By Don Teague, NBC News correspondent
I know wildfires happen in Southern California. I grew up here, went to college here, and worked several years as a TV reporter here. So, why is it so hard for me to believe my eyes when I see fire sweeping across this beautiful, rugged landscape at night?
I spent most of last night in Ramona, just a couple of miles from the house I used to live. During the Cedar fire four years ago, flames came to the very street my house sat on, and some close friends lost the dream home they had just finished building to the roaring flames.
When I saw these fires break out on Sunday, I asked the network to send me. My job isn't to man the fire lines, or help evacuate neighborhoods…it's to tell the stories of those who do and to inform the public. But for me, it's more than that. My wife and children have close friends here. I have friends here. I love this place.

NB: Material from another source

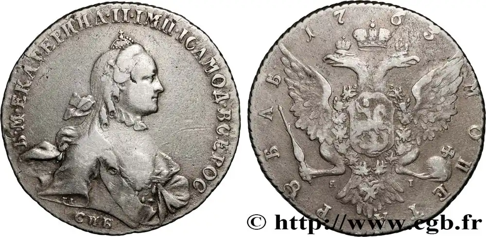Type : RoubleDate : 1867Nom de l’atelier/ville : Saint-PetersbourgQuantité frappée : 425000Métal : argentTitre en millième : 868 ‰Diamètre : 36 mmAxe des coins : 12 h.Poids : 20,54 g.Tranche : inscrite en creux en cyrillique (Argent au titre de 83 1/3 4 zolotniks 41 14/25 dolas)Degré de rareté : R1Commentaires sur l’état de conservation :La monnaie a été nettoyée (cleaned)Référence ouvrage :KM.19/25 – SEM.80 – WOL AversTitulature avers : (LÉGENDE CYRILLIQUE).Description avers : Aigle bicéphale couronné timbré d’un écu aux armes de Moscou entouré du collier de l’ordre de Saint-André et des écussons de Kazan, Astrakan et Sibérie sur l’aile gauche et de Pologne, de Tauride et de Finlande sur l’aile droite.Traduction avers : (Argent au titre de 83 1/3 4 zolotniks 41 14/25 dolas).ReversTitulature revers : (LÉGENDE CYRILLIQUE).Description revers : Au centre en trois lignes : ROUBLE / 1867.Traduction revers : (Rouble / 1865 / Saint-Pétersbourg).CommentaireCe type fut frappé entre 1859 et 1885 sous les règnes d’Alexandre II et d’Alexandre III.HistoriqueRUSSIE – ALEXANDRE II(2/03/1855-13/03/1881) Alexandre II Nikolaïevitch (29/04/1818-13/03/1881), fils de Nicolas et d’Alexandra de Prusse, succède à son père, termine la guerre de Crimée et signe le traité de Paris. Réformateur, il émancipe les serfs et essaie de moderniser le pays. Autocrate, il écrase la révolte polonaise de 1863. Politiquement, il favorise le panslavisme et lutte efficacement contre la Turquie qu’il écrase en 1876-1878. Le traité de San Stefano et le congrès de Berlin en 1878 marquent le retour fracassant de la Russie sur la scène politique internationale. Les Russes et les Austro-Hongrois contrôlent désormais les Balkans. Alexandre II périt déchiqueté par une bombe près du palais Mikhaïlovski en 1881.

So it's at once heartbreaking, and awe inspiring to see a fire line roar up the side of a mountain slope, or race through bone dry brush. And when you've worked enough fires like this, you learn to spot the sign of a home erupting in flames beyond the next ridge line. A surge of black smoke billowing into the sky, the smell of nylon and household chemicals burning, another dream home…however humble or magnificent…lost.
This fire will eventually go out. The thousands who've lost their homes and businesses will rebuild and move on. But the memory of a fire like this lasts forever.